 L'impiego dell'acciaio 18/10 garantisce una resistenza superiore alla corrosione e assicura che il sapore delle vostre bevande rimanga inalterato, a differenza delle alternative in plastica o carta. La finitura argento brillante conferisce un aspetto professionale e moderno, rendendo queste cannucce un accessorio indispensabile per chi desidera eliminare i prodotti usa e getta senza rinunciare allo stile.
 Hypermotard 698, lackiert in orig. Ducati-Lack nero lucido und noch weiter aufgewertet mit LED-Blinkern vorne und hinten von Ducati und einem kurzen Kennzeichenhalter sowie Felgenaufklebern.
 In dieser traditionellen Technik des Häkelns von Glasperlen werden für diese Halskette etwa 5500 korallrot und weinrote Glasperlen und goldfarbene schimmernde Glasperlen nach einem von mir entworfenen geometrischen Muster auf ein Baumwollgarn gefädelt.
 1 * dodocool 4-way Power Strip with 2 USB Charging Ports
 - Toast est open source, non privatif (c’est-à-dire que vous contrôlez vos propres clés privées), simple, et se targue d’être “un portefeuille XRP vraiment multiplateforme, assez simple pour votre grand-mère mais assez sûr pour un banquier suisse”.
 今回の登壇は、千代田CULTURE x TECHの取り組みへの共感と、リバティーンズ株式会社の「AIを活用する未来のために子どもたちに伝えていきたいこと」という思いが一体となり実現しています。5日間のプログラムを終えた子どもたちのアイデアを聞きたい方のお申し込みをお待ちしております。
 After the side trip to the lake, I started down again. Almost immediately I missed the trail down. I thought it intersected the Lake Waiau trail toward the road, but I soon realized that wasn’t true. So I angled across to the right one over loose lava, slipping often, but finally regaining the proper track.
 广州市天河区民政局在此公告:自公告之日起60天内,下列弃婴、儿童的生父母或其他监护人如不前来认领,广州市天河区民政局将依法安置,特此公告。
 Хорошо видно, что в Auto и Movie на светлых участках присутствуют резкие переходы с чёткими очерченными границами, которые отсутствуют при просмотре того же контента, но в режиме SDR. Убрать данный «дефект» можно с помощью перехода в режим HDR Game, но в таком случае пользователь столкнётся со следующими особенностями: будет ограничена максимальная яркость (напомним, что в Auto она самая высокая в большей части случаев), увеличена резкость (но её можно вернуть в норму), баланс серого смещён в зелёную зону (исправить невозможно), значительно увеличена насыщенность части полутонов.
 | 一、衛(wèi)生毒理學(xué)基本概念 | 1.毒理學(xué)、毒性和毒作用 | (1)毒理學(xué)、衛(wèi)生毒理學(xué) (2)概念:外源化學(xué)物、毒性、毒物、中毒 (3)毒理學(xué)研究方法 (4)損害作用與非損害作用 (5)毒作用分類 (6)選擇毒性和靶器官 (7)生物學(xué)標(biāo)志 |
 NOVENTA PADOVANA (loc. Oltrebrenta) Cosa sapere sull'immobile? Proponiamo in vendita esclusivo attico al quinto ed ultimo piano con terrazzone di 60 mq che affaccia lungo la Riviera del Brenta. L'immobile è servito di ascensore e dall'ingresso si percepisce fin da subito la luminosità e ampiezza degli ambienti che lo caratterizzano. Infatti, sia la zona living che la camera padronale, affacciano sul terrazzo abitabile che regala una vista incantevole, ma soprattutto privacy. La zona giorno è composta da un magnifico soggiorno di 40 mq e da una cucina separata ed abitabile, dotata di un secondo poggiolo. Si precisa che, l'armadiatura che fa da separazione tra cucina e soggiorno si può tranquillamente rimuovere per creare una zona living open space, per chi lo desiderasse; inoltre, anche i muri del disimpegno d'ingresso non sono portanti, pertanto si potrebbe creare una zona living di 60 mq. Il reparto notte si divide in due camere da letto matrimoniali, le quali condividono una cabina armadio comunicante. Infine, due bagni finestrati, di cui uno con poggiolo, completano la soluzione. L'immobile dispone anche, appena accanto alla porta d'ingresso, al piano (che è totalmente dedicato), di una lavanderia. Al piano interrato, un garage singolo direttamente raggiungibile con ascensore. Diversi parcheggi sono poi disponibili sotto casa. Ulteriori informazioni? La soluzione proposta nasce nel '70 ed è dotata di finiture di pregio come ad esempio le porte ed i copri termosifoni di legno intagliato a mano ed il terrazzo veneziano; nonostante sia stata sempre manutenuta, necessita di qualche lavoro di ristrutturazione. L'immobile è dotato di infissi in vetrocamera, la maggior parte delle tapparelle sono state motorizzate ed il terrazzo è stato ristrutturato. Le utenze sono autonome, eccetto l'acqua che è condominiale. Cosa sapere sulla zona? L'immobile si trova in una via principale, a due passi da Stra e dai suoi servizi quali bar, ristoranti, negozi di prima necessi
════════════════
• [EXERCISE] From the records above, retype only the lines starting at the line that contains "Hypermotard 698, lackiert" and ending at the line that contains "1 * dodocool", both included.

• [RESPONSE]
 Hypermotard 698, lackiert in orig. Ducati-Lack nero lucido und noch weiter aufgewertet mit LED-Blinkern vorne und hinten von Ducati und einem kurzen Kennzeichenhalter sowie Felgenaufklebern.
 In dieser traditionellen Technik des Häkelns von Glasperlen werden für diese Halskette etwa 5500 korallrot und weinrote Glasperlen und goldfarbene schimmernde Glasperlen nach einem von mir entworfenen geometrischen Muster auf ein Baumwollgarn gefädelt.
 1 * dodocool 4-way Power Strip with 2 USB Charging Ports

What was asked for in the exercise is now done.